M. Olivier Gauvin : Très peu de pays dans le monde entretiennent cinq siècles de relations d’une telle intensité

Le 9 novembre dernier, Aujourd’hui la Turquie a eu l’honneur et le plaisir de recevoir au sein de sa rédaction Monsieur Olivier Gauvin, Consul Général de France à Istanbul. Une visite qui nous a permis de nous entretenir longuement et amicalement avec celui-ci.
Par Dr. Hüseyin Latif
Publié en Janvier 2023

Le 9 novembre dernier, Aujourd’hui la Turquie a eu l’honneur et le plaisir de recevoir au sein de sa rédaction Monsieur Olivier Gauvin, Consul Général de France à Istanbul. Une visite qui nous a permis de nous entretenir longuement et amicalement avec celui-ci.

Vous êtes Consul Général de France à Istanbul.
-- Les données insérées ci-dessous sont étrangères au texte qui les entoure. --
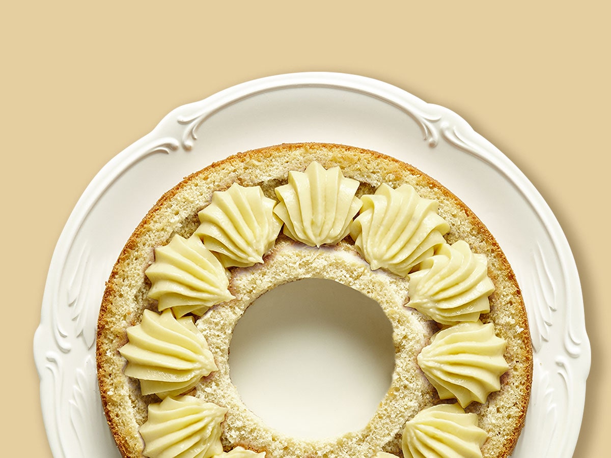- Pour into a pastry bag with a #5 plain tip and fill cake.
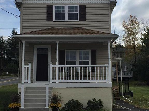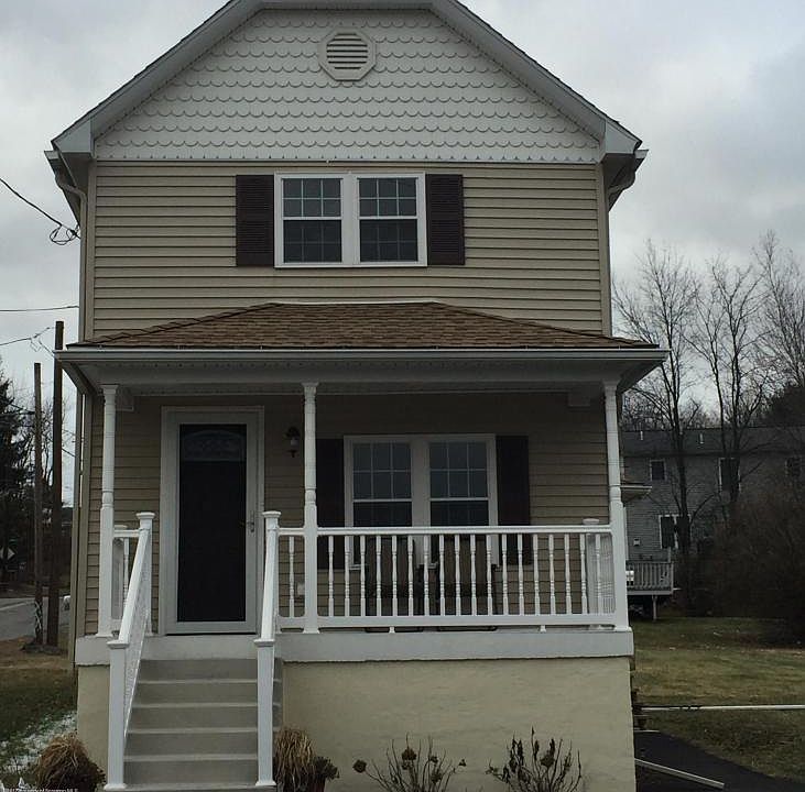 new Maple Kitchen with granite counters and Tile floor. This home has many updates, New Vinyl Siding, New Roof, New Gas Hot Water Baseboard Heating system, New Bath, New plumbing, new wiring, New Replacement windows, doors and Patio door, Completely new Cinderblock Foundation 2006, Water Heater installed 2009, Drywall throughout whole house.

Pouvez-vous nous parler des liens franco-turcs ? Comment les qualifieriez-vous actuellement ?

Selon moi, trois grands points font la beauté, l’importance et la rareté des liens franco-turcs : leur profondeur, leur continuité et leur diversité. La profondeur est évidemment de nature historique : très peu de pays dans le monde entretiennent cinq siècles de relations d’une telle intensité. Bien sûr, dans toute l’histoire des relations internationales, il y a eu des changements d’alliances. Mais on peut souligner la continuité des liens. Il me suffit d’aller au Palais de France regarder les portraits d’ambassadeurs français, comme celui du comte de Vergennes qui a passé 13 ans ici. Je me dis alors que cette profondeur et ce recul, la France ne les partage qu’avec très peu de pays dans le monde. C’est quelque chose de quasiment unique, et en tout cas de très rare et précieux. Ensuite, il y a ce que j’appelle la diversité. Ce qui me frappe depuis deux ans, c’est la diversification de mon agenda : j’ai des rendez-vous sur des sujets économiques, culturels, commerciaux, artistiques, des rencontres avec des journalistes, des écrivains… Je suis sollicité et concerné par tous les domaines. Car les liens entre la France et la Turquie sont d’une diversité inouïe.

Que pouvez-vous nous dire des échanges commerciaux et de leur évolution ces dernières années ?

La Turquie est pour la France un partenaire essentiel d’un point de vue commercial, et la réciproque est vraie parce que la Turquie, sur ce plan, est essentiellement tournée vers l’Europe. Les échanges commerciaux se chiffrent à peu près à 17 milliards d’euros pour l’année qui vient de s’écouler, ce qui représente une progression par rapport aux années précédant 2020 ‒ même si ces chiffres sont un peu biaisés en raison de la pandémie. On peut espérer que ce mouvement progresse malgré la conjoncture internationale actuelle. Évidemment, nos deux pays espèrent atteindre l’objectif symbolique des vingt milliards d’euros !

À ce propos, comment avez-vous vécu votre prise de poste en pleine pandémie ?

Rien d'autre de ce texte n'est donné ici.